Recuerdo que de pequeño me sentía un poco raro porque yo era de los pocos que no tenía "pueblo". Llegaba Semana Santa o el verano y todo el mundo se iba al pueblo. Y algunos incluso a dos, al de su madre y al de su padre. Yo en cambio, como mis padres ya nacieron en Barakaldo y mis abuelos prácticamente también, no disponía de aquel retiro habitual de infancia. Y no es que no nos fuéramos de vacaciones por ahí, que sí lo hacíamos, y mucho y muy lejos, pero me sentía diferente al resto de chicos. Muchos veranos suplía esta figura de "el pueblo" con Villasana de Mena, donde mis abuelos tenían una casa a pesar de no ser originarios de allí, o con Guriezo, donde la tenían mis tíos, y ambos sitios, aunque no eran propiamente "el pueblo", me servían para experimentar las vivencias que se suponen inherentes al binomio niño-pueblo: pasar las tardes en la piscina y jugando a fútbol, aprender a montar en bici, comenzar a salir en las verbenas, perderse en el bosque, hacer un casa-árbol... y en definitiva vivir aventuras.

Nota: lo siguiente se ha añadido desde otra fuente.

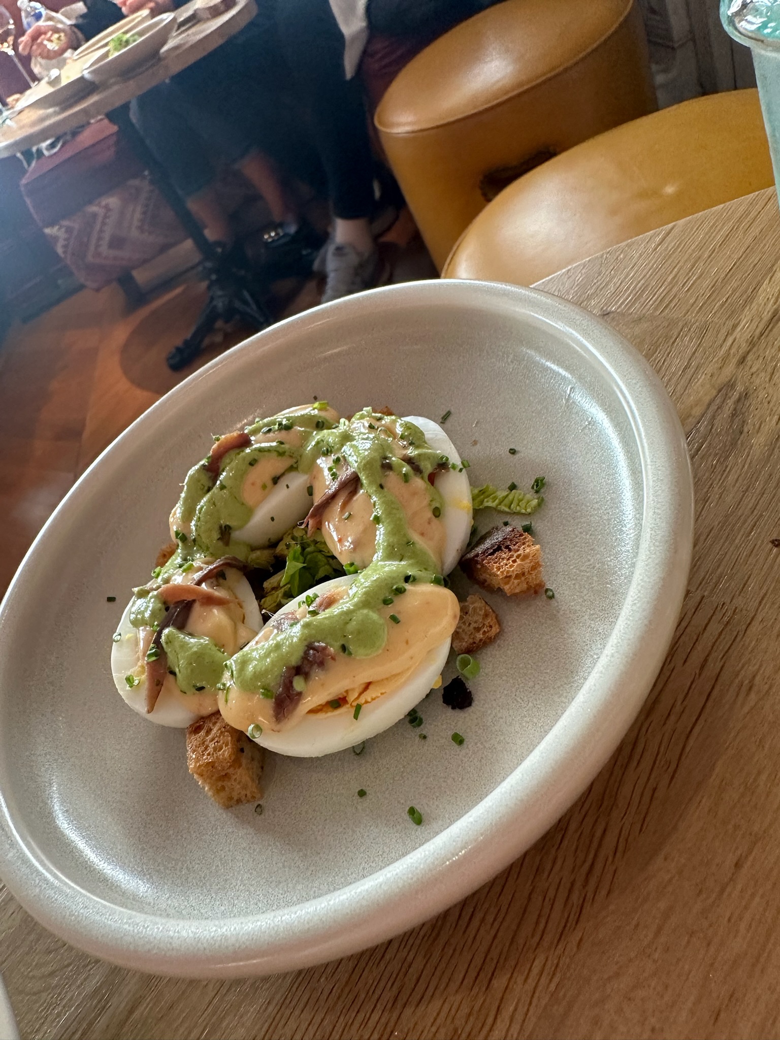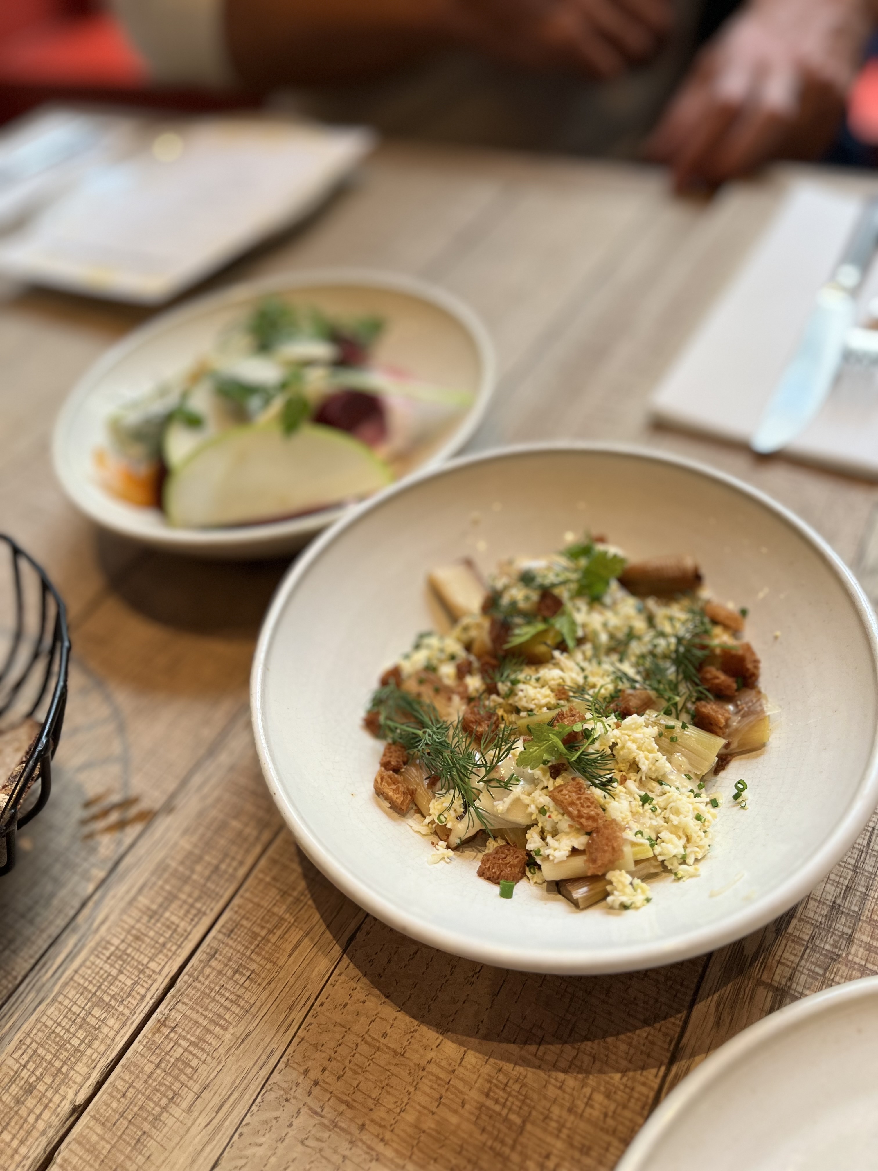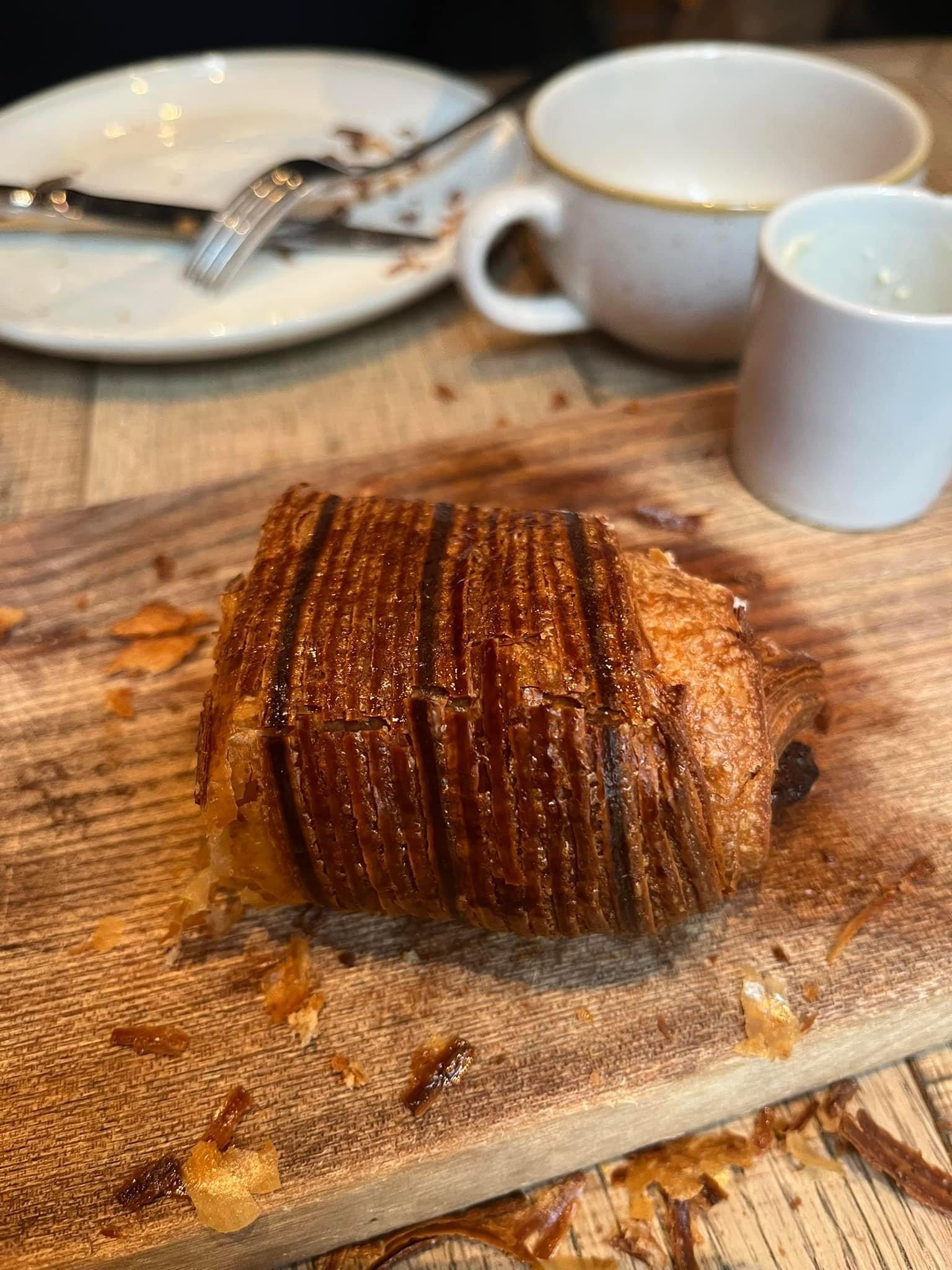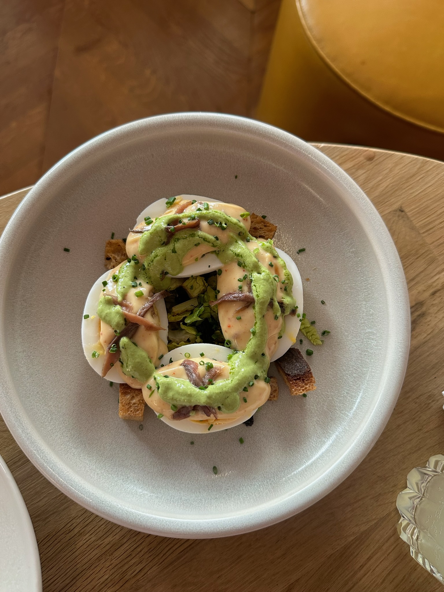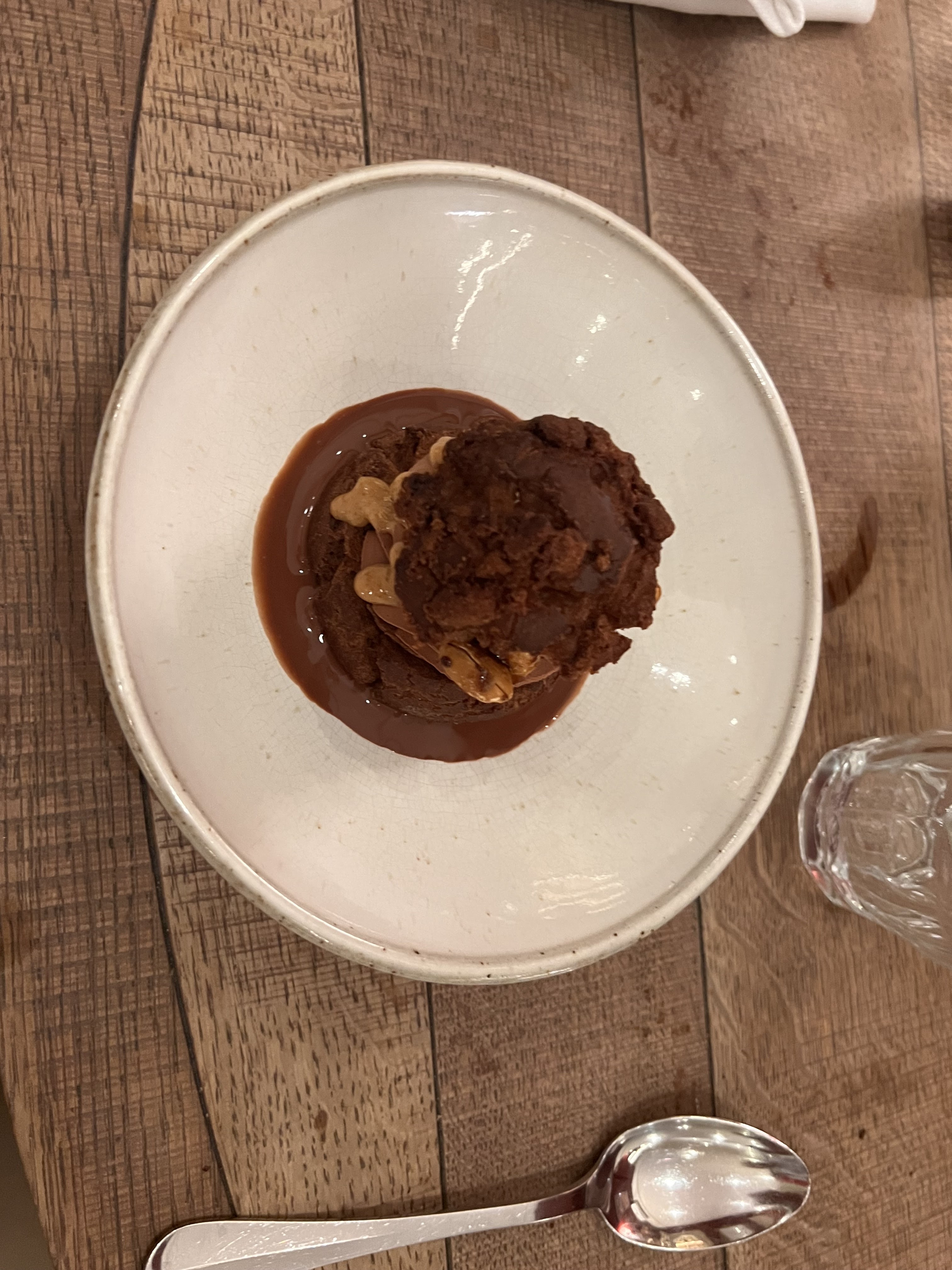 Nous sommes venus pour le brunch (48€ la formule). L’endroit est très beau, nous sommes bien installés et le service rapide est apprécié. Nous avons commencé par le pain au chocolat et banana bread à partager, qui étaient gourmands. Puis la chicken pie et la sucrine, bien assaisonnés également. Viennent ensuite les plats (œufs Bénédicte) et pour finir, la gaufre et son colis de chocolat. Tout était très bon et copieux ! En revanche je trouve dommage que les plats et desserts soient aussi simples. Pour une cheffe de cette renommée (avec le prix qui s’en ressent) j’aurais attendu plus d’originalité et d’effort sur le dressage.

De aventuras, y sobre todo de cómo contarlas y escribirlas, sabía mucho el gran Miguel Delibes, de quien ya recomendé aquí "El Hereje" y sobre todo "El Camino", que recrea a la perfección la vida de un grupo de amigos en un pueblo. Y sin duda otro que sabía mucho de aventuras, quizá algo más intensas y globalizadas, y que las experimentó en sus propias carnes, fue Jack London, quien casualmente también escribió un libro titulado "El Camino" y que acabo de leer recientemente.
Se trata de una especie de autobiografía (aunque da la sensación de que también introduce algunos elementos de ficción) en la que el escritor estadounidense cuenta parte de sus años jóvenes. En un momento dado, cansado ya de su rutinaria vida, Jack London decide conocer mundo y vivir nuevas experiencias y para ello decide convertirse prácticamente en un vagabundo. Así, con las manos en los bolsillos, pidiendo comida de puerta en puerta y colándose en los trenes de mercancías, recorre una y otra vez el país, haciendo amigos y enemigos, aprendiendo de todo y de todos y viviendo emocionantes episodios que acabarían marcándole para toda su vida. Si bien es verdad que algunos capítulos se hacen un poco pesados, la mayor parte del libro tiene esa esencia de alma aventurera que caracteriza a London, que contagia al lector, y que tan amenos hace sus relatos. Y es que quizá London tampoco tuvo un pueblo cuando era pequeño, pero desde luego que supo buscárselo.